As an application we include a higher-order Leibniz rule in two parallel forms: a partition identity for Fréchet derivatives and a multi-index identity for partial derivatives. The proof is deliberately routed through the Faà di Bruno formula in both incarnations.

There is a large literature around Faà di Bruno formulas and their multivariate generalizations; we briefly summarize the most relevant references and how they compare to the present treatment.

More directly related to this paper:

  • Faà di Bruno (1855, F. Faà di Bruno. "Sullo sviluppo delle funzioni") [FaaDiBruno1855] [FaaDiBruno1857]. The original one-dimensional formulas introducing the identity that now bears his name, in Italian (1855) and French (1857). These short notes are the primary historical sources.
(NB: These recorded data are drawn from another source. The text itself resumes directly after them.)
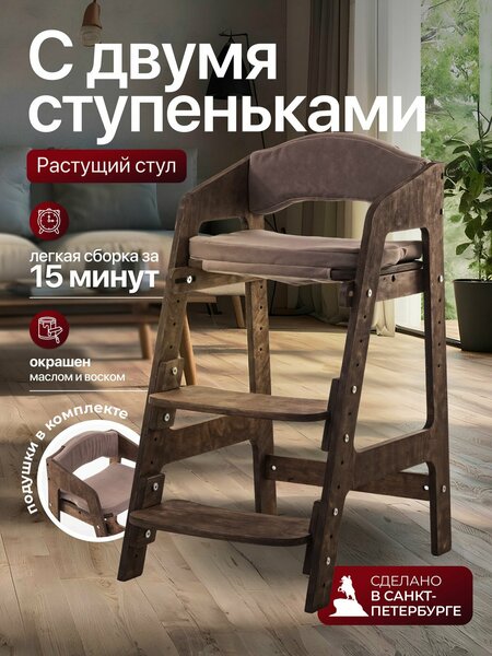Ищете стул детский, который будет соответствовать потребностям вашего ребенка в течение длительного времени? Растущий стул Непоседа, изготовленный из натурального дерева - это то, что вам нужно! Эта модель подходит для детей в возрасте от 2 лет и до школьного возраста, на рост от 80 до 130 см, поэтому вы можете быть уверены, что ваш ребенок сможет использовать ее в течение многих лет. Стульчик детский подстраивается под рост вашего ребенка, чтобы формировать правильную осанку и предотвращать сколиоз. Это очень важно, особенно для маленьких детей, которые только начинают учиться сидеть за столом. Кроме того, растущий стул детский значительно усилен и выдержит вес до 180 кг. Этот детский стул изготовлен из фанеры толщиной 15 мм, покрыт натуральным маслом, что делает его экологически чистым и безопасным для детей. Кроме того, растущий стул для детей очень мобилен, и ребенок может самостоятельно передвигать его по комнате, если нужно. И если вам нужен детский стол и стул, то у нас в магазине есть также растущий стол и стул для детей. Этот растущий стульчик можно использовать как стульчик для кормления или стул для школьника. Наш растущий стул для школьника и малыша аккуратно упакован в коробку из плотного картона, все детали дополнительно упакованы в крафтовую бумагу. Сборка стульчика очень простая, похожа на сборку конструктора, поэтому вы сможете легко и быстро собрать его самостоятельно. Стул деревянный доступен в нескольких цветах, чтобы вы могли выбрать тот, который лучше всего подойдет для вашего интерьера. В комплекте идет подушка на растущий стул на сиденье и спинку. Чехлы подушек изготовлены из мягкого велюра, а наполнитель выполнен из поролона, что обеспечивает максимальный комфорт вашему ребенку во время еды. Чехлы легко снимаются, их можно стирать. Будьте внимательны. Отрегулируйте высоту и глубину деталей под рост ребенка при сборке.
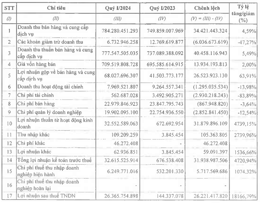 Mặc dù, doanh thu chỉ tăng 5,5% so với cùng kỳ nhưng lợi nhuận sau thuế tăng hơn 18 lần, tương ứng đạt 26,37 tỷ nhờ biên lợi nhuận tăng từ 5,6% lên 8,7% và các chi phí hoạt động đều được tiết giảm.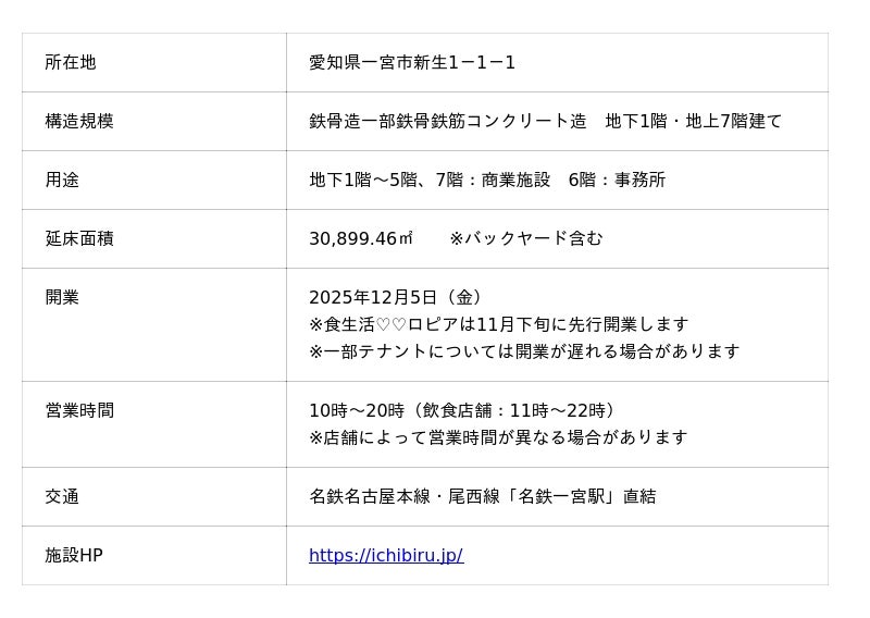 名古屋鉄道がリニューアルを進めている名鉄一宮駅直結の「イチ*ビル」は、バラエティ豊かな40店舗が集い、2025年12月5日(金)10時に全面開業します。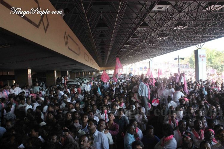 Pink Carpet Welcome: TRS president K Chandrasekhar Rao arrives to a tumultuous welcome accorded by tens of thousands of party activists at Begumpet airport in Hyderabad on Wednesday. Rao later was taken in a rally to Telangana martyr’s memorial at Gun Park near Assembly.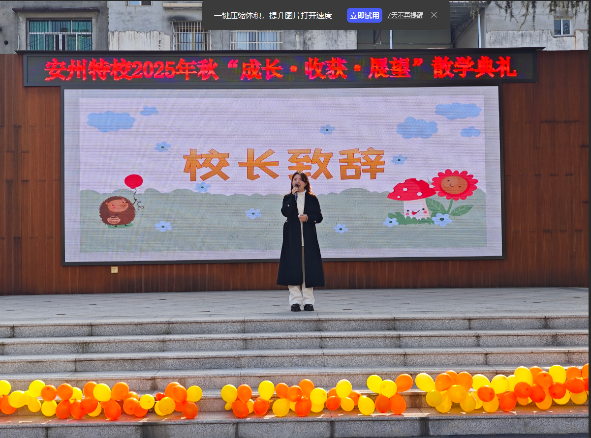 1月21日上午,安州區(qū)特殊教育學(xué)校在學(xué)校操場(chǎng)舉行了以“成長(zhǎng)?收獲?展望 ”為主題的2025年秋季散學(xué)典禮。全校師生及陪讀家長(zhǎng)齊聚一堂,共同回顧一學(xué)期的成長(zhǎng)點(diǎn)滴,見(jiàn)證收獲的喜悅,展望美好的未來(lái)。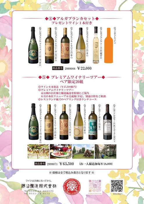 下記対象のワインセット20,000円(税込)以上ご購入の方を対象とし、ワイナリーで最適保管された白ワインを1本贈呈。また6月頃予定のワイナリーリニューアルオープンに伴い、プレミアムなツアーを20組限定で用意しております。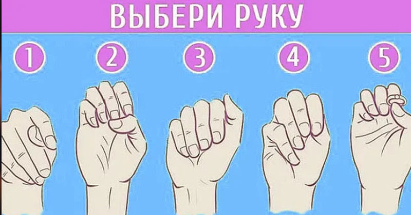 Один из таких тестов на личность мы предлагаем вам пройти сейчас. Перед вами 5 различных положений пальцев. Вам нужно выбрать картинку, которая наиболее всего приглянулась. Только выбирать нужно не задумываясь, чтобы подключить подсознание.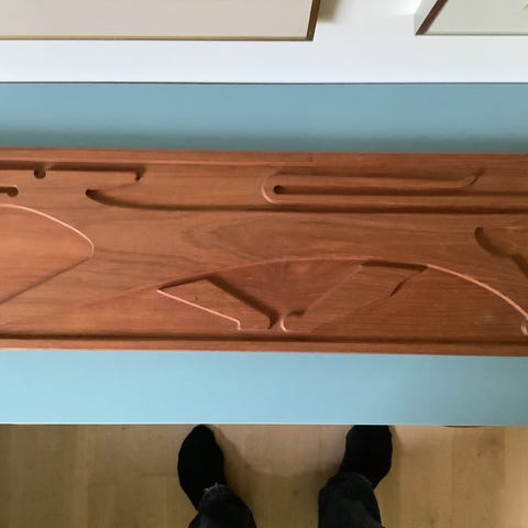 Relief, Dekoration i udskåret massiv teak fra 1960. Dreng der spiller trompet. Unikt lille værk. Mål 17 x 23.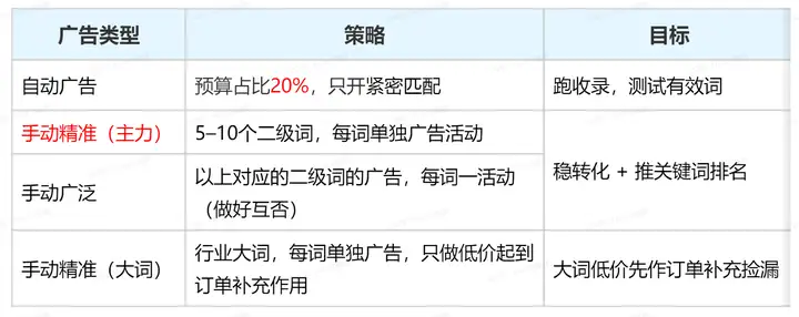 广告这边建议先收着点,不要一上来就放太多泛流量,容易把转化拉低。所以像SD、SB这类广告不投放,优先把精准流量跑顺。广告投放结构可参考下图: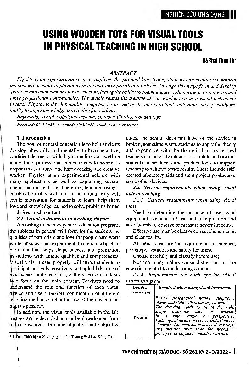 Sử dụng đồ chơi gỗ làm dụng cụ trực quan trong dạy học vật lý ở trường phô thông = Using wooden toys for visual tools in physical teaching in high school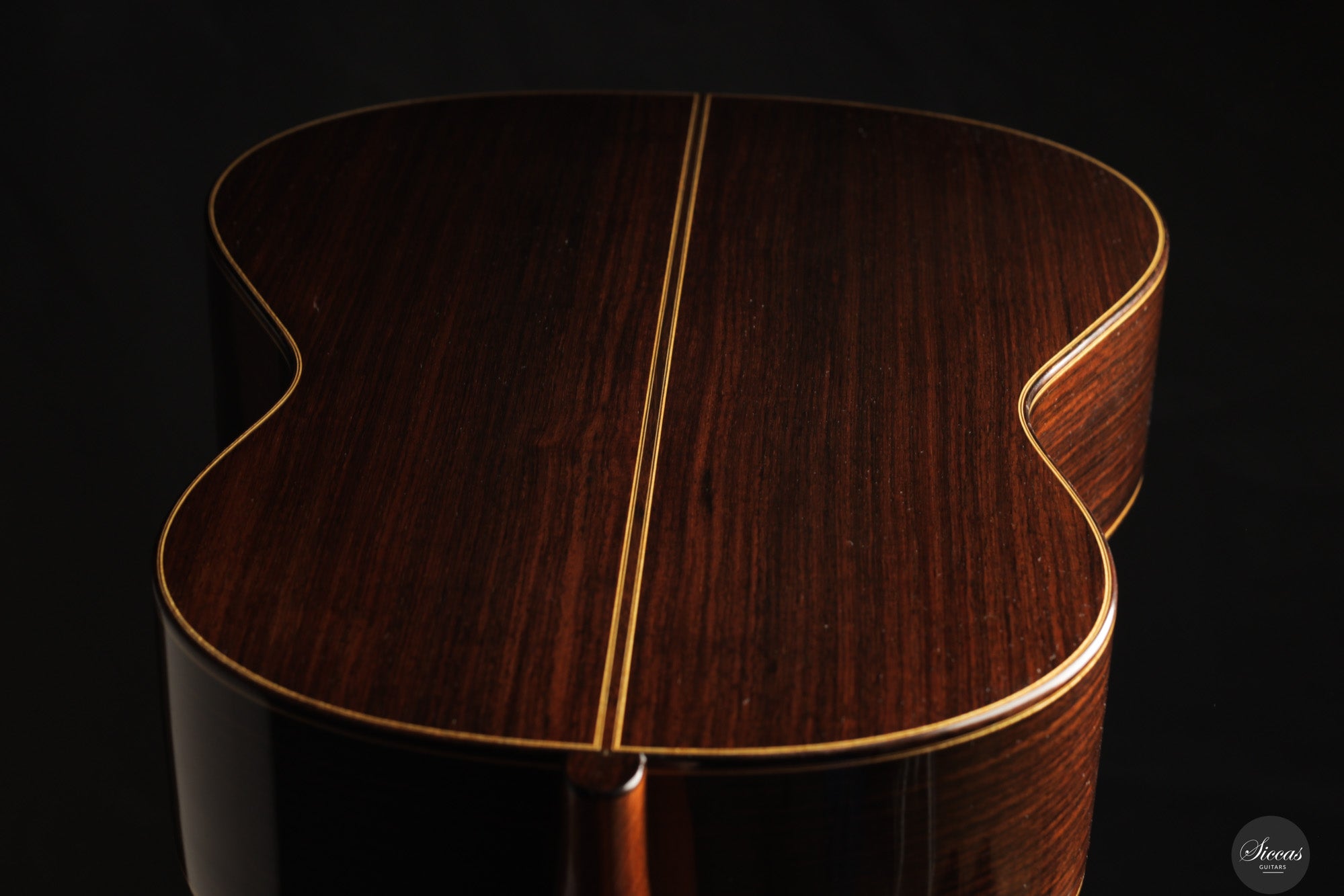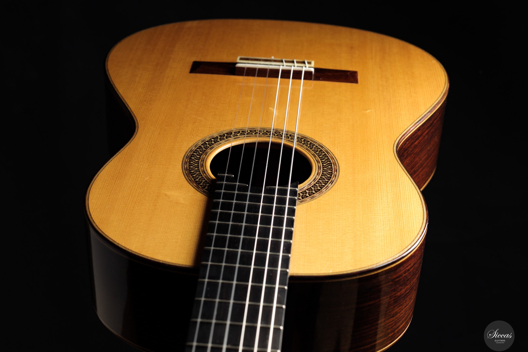 Klanglich überzeugt die Gitarre durch ihre weit tragenden, luftigen Bässe, die nicht nur im Raum, sondern auch direkt unter den Fingern spürbar sind – ein Markenzeichen von Stenzels Bauweise. Die Fichtendecke und der Korpus aus indischem Palisander sorgen für klare, gesangliche Höhen und ein stabiles, tragfähiges Mittelregister. Die Bässe reagieren äußerst sensibel und entfalten unter Druck ein reiches Volumen. Reischl-Mechaniken (ehemals Landstorfer) gewährleisten zuverlässige Funktionalität mit klassischem Bezug. Der minimalistisch gestaltete Halsfuß setzt einen modernen, eleganten Akzent. Die dünne Nitrozelluloselackierung bewahrt die klangliche Offenheit und betont zugleich die natürliche Ästhetik des Holzes.

  • Scott (1861, "Formulae of Successive Differentiation") [Scott1861] [Johnson2002]. In the one-variable case \(g\circ f:\IR\to\IR\), Scott’s identity (as recounted by Johnson) gives a 1D Taylor-composition viewpoint via coefficient extraction: apply Taylor’s theorem to \(g\) in the increment \(f(t+h)-f(t)\) and read off the coefficient of \(h^m\).

  • Constantine–Savits (1996, "A Multivariate Faà di Bruno Formula with Applications") [CS1996]. Foundational multivariate Faà di Bruno formula for arbitrary partial derivatives of a composition \(h(x)=f(g(x))\) with \(f:\IR^m\ra\IR\) and \(g:\IR^d\ra\IR^m\), expressed in full multiindex form using set partitions and multivariate Stirling numbers. Their proof is combinatorial and coordinate-based. The multiindex form stated here recovers their coefficient formula but is derived from a short argument based on jets and polarized Fréchet derivatives.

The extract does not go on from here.